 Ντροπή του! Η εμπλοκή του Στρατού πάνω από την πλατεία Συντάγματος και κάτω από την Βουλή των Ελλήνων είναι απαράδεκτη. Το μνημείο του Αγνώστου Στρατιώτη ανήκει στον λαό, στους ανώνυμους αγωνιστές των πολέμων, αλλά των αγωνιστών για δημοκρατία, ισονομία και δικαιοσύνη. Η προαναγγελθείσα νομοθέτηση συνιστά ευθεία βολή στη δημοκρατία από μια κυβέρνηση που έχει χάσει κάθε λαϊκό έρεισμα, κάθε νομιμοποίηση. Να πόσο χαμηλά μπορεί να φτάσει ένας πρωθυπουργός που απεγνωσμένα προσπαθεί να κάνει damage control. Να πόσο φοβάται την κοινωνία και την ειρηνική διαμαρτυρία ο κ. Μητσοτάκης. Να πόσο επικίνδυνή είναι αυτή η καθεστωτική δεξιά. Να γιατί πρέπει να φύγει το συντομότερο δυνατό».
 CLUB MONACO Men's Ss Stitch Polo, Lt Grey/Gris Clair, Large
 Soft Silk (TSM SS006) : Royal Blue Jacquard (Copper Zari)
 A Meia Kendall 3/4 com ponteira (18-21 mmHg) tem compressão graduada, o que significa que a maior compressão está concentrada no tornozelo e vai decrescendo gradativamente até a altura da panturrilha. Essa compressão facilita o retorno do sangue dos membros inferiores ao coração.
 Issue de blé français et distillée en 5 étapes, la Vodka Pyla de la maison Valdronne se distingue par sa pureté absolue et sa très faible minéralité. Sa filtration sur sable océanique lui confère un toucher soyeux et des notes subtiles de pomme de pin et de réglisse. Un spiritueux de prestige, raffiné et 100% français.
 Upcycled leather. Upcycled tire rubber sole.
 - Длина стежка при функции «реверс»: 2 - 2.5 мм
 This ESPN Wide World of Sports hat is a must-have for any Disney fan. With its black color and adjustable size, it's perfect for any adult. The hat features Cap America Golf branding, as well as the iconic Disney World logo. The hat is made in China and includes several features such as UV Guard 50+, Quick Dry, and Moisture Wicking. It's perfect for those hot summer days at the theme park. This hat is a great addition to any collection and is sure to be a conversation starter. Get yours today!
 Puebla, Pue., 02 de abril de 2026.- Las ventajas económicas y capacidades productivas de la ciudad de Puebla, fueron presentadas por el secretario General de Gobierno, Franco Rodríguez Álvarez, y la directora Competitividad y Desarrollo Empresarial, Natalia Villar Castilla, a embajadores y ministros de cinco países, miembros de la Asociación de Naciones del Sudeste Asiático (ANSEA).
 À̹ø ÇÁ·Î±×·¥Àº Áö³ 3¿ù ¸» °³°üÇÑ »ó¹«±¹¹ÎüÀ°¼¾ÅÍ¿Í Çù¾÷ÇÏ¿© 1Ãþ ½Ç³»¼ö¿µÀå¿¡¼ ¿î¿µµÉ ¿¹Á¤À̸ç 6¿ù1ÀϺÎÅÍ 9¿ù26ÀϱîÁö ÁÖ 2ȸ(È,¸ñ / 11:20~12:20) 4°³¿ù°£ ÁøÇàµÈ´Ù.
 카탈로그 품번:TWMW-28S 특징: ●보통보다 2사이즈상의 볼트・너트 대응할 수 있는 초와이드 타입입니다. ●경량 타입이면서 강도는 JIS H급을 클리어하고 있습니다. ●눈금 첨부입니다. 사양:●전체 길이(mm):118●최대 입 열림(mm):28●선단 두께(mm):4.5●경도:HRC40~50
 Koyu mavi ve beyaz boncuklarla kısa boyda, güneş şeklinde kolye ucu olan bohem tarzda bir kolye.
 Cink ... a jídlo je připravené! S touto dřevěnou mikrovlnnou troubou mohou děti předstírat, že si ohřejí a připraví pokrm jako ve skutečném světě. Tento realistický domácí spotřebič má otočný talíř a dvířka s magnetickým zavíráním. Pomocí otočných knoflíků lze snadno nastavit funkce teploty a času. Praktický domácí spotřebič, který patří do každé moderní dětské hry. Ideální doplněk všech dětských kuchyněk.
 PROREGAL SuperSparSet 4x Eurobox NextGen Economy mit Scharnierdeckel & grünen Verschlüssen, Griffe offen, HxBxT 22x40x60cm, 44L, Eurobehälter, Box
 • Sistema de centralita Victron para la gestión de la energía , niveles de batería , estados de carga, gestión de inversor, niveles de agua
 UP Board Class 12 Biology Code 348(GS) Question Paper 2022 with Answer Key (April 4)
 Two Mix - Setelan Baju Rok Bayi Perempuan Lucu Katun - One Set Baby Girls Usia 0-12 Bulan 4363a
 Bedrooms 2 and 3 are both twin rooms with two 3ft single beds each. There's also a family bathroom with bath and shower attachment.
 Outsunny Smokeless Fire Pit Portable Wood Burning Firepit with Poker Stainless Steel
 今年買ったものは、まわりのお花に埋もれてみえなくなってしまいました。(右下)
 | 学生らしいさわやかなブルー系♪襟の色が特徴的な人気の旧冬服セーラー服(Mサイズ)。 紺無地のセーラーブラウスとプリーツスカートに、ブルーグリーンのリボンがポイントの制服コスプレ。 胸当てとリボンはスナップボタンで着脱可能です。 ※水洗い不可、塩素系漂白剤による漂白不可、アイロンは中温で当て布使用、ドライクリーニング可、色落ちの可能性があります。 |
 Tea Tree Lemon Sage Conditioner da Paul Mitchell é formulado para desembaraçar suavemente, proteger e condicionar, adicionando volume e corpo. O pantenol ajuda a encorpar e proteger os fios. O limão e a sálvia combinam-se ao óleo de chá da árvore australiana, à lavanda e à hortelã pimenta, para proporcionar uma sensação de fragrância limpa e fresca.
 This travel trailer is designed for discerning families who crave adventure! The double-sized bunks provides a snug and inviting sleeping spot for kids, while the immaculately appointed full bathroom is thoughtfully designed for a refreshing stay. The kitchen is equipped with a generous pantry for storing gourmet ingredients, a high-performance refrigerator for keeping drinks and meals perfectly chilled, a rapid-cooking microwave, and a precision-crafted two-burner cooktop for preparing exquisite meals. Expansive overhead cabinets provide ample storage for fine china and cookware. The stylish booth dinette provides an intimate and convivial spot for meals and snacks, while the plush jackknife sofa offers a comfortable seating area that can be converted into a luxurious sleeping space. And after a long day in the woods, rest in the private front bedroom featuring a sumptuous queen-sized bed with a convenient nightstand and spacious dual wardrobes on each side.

# # # # #

*WHAT THE EXERCISE ASKS*
Nothing above should be left out. Print all the records exactly.

*TASK SOLUTION*
 Ντροπή του! Η εμπλοκή του Στρατού πάνω από την πλατεία Συντάγματος και κάτω από την Βουλή των Ελλήνων είναι απαράδεκτη. Το μνημείο του Αγνώστου Στρατιώτη ανήκει στον λαό, στους ανώνυμους αγωνιστές των πολέμων, αλλά των αγωνιστών για δημοκρατία, ισονομία και δικαιοσύνη. Η προαναγγελθείσα νομοθέτηση συνιστά ευθεία βολή στη δημοκρατία από μια κυβέρνηση που έχει χάσει κάθε λαϊκό έρεισμα, κάθε νομιμοποίηση. Να πόσο χαμηλά μπορεί να φτάσει ένας πρωθυπουργός που απεγνωσμένα προσπαθεί να κάνει damage control. Να πόσο φοβάται την κοινωνία και την ειρηνική διαμαρτυρία ο κ. Μητσοτάκης. Να πόσο επικίνδυνή είναι αυτή η καθεστωτική δεξιά. Να γιατί πρέπει να φύγει το συντομότερο δυνατό».
 CLUB MONACO Men's Ss Stitch Polo, Lt Grey/Gris Clair, Large
 Soft Silk (TSM SS006) : Royal Blue Jacquard (Copper Zari)
 A Meia Kendall 3/4 com ponteira (18-21 mmHg) tem compressão graduada, o que significa que a maior compressão está concentrada no tornozelo e vai decrescendo gradativamente até a altura da panturrilha. Essa compressão facilita o retorno do sangue dos membros inferiores ao coração.
 Issue de blé français et distillée en 5 étapes, la Vodka Pyla de la maison Valdronne se distingue par sa pureté absolue et sa très faible minéralité. Sa filtration sur sable océanique lui confère un toucher soyeux et des notes subtiles de pomme de pin et de réglisse. Un spiritueux de prestige, raffiné et 100% français.
 Upcycled leather. Upcycled tire rubber sole.
 - Длина стежка при функции «реверс»: 2 - 2.5 мм
 This ESPN Wide World of Sports hat is a must-have for any Disney fan. With its black color and adjustable size, it's perfect for any adult. The hat features Cap America Golf branding, as well as the iconic Disney World logo. The hat is made in China and includes several features such as UV Guard 50+, Quick Dry, and Moisture Wicking. It's perfect for those hot summer days at the theme park. This hat is a great addition to any collection and is sure to be a conversation starter. Get yours today!
 Puebla, Pue., 02 de abril de 2026.- Las ventajas económicas y capacidades productivas de la ciudad de Puebla, fueron presentadas por el secretario General de Gobierno, Franco Rodríguez Álvarez, y la directora Competitividad y Desarrollo Empresarial, Natalia Villar Castilla, a embajadores y ministros de cinco países, miembros de la Asociación de Naciones del Sudeste Asiático (ANSEA).
 À̹ø ÇÁ·Î±×·¥Àº Áö³ 3¿ù ¸» °³°üÇÑ »ó¹«±¹¹ÎüÀ°¼¾ÅÍ¿Í Çù¾÷ÇÏ¿© 1Ãþ ½Ç³»¼ö¿µÀå¿¡¼ ¿î¿µµÉ ¿¹Á¤À̸ç 6¿ù1ÀϺÎÅÍ 9¿ù26ÀϱîÁö ÁÖ 2ȸ(È,¸ñ / 11:20~12:20) 4°³¿ù°£ ÁøÇàµÈ´Ù.
 카탈로그 품번:TWMW-28S 특징: ●보통보다 2사이즈상의 볼트・너트 대응할 수 있는 초와이드 타입입니다. ●경량 타입이면서 강도는 JIS H급을 클리어하고 있습니다. ●눈금 첨부입니다. 사양:●전체 길이(mm):118●최대 입 열림(mm):28●선단 두께(mm):4.5●경도:HRC40~50
 Koyu mavi ve beyaz boncuklarla kısa boyda, güneş şeklinde kolye ucu olan bohem tarzda bir kolye.
 Cink ... a jídlo je připravené! S touto dřevěnou mikrovlnnou troubou mohou děti předstírat, že si ohřejí a připraví pokrm jako ve skutečném světě. Tento realistický domácí spotřebič má otočný talíř a dvířka s magnetickým zavíráním. Pomocí otočných knoflíků lze snadno nastavit funkce teploty a času. Praktický domácí spotřebič, který patří do každé moderní dětské hry. Ideální doplněk všech dětských kuchyněk.
 PROREGAL SuperSparSet 4x Eurobox NextGen Economy mit Scharnierdeckel & grünen Verschlüssen, Griffe offen, HxBxT 22x40x60cm, 44L, Eurobehälter, Box
 • Sistema de centralita Victron para la gestión de la energía , niveles de batería , estados de carga, gestión de inversor, niveles de agua
 UP Board Class 12 Biology Code 348(GS) Question Paper 2022 with Answer Key (April 4)
 Two Mix - Setelan Baju Rok Bayi Perempuan Lucu Katun - One Set Baby Girls Usia 0-12 Bulan 4363a
 Bedrooms 2 and 3 are both twin rooms with two 3ft single beds each. There's also a family bathroom with bath and shower attachment.
 Outsunny Smokeless Fire Pit Portable Wood Burning Firepit with Poker Stainless Steel
 今年買ったものは、まわりのお花に埋もれてみえなくなってしまいました。(右下)
 | 学生らしいさわやかなブルー系♪襟の色が特徴的な人気の旧冬服セーラー服(Mサイズ)。 紺無地のセーラーブラウスとプリーツスカートに、ブルーグリーンのリボンがポイントの制服コスプレ。 胸当てとリボンはスナップボタンで着脱可能です。 ※水洗い不可、塩素系漂白剤による漂白不可、アイロンは中温で当て布使用、ドライクリーニング可、色落ちの可能性があります。 |
 Tea Tree Lemon Sage Conditioner da Paul Mitchell é formulado para desembaraçar suavemente, proteger e condicionar, adicionando volume e corpo. O pantenol ajuda a encorpar e proteger os fios. O limão e a sálvia combinam-se ao óleo de chá da árvore australiana, à lavanda e à hortelã pimenta, para proporcionar uma sensação de fragrância limpa e fresca.
 This travel trailer is designed for discerning families who crave adventure! The double-sized bunks provides a snug and inviting sleeping spot for kids, while the immaculately appointed full bathroom is thoughtfully designed for a refreshing stay. The kitchen is equipped with a generous pantry for storing gourmet ingredients, a high-performance refrigerator for keeping drinks and meals perfectly chilled, a rapid-cooking microwave, and a precision-crafted two-burner cooktop for preparing exquisite meals. Expansive overhead cabinets provide ample storage for fine china and cookware. The stylish booth dinette provides an intimate and convivial spot for meals and snacks, while the plush jackknife sofa offers a comfortable seating area that can be converted into a luxurious sleeping space. And after a long day in the woods, rest in the private front bedroom featuring a sumptuous queen-sized bed with a convenient nightstand and spacious dual wardrobes on each side.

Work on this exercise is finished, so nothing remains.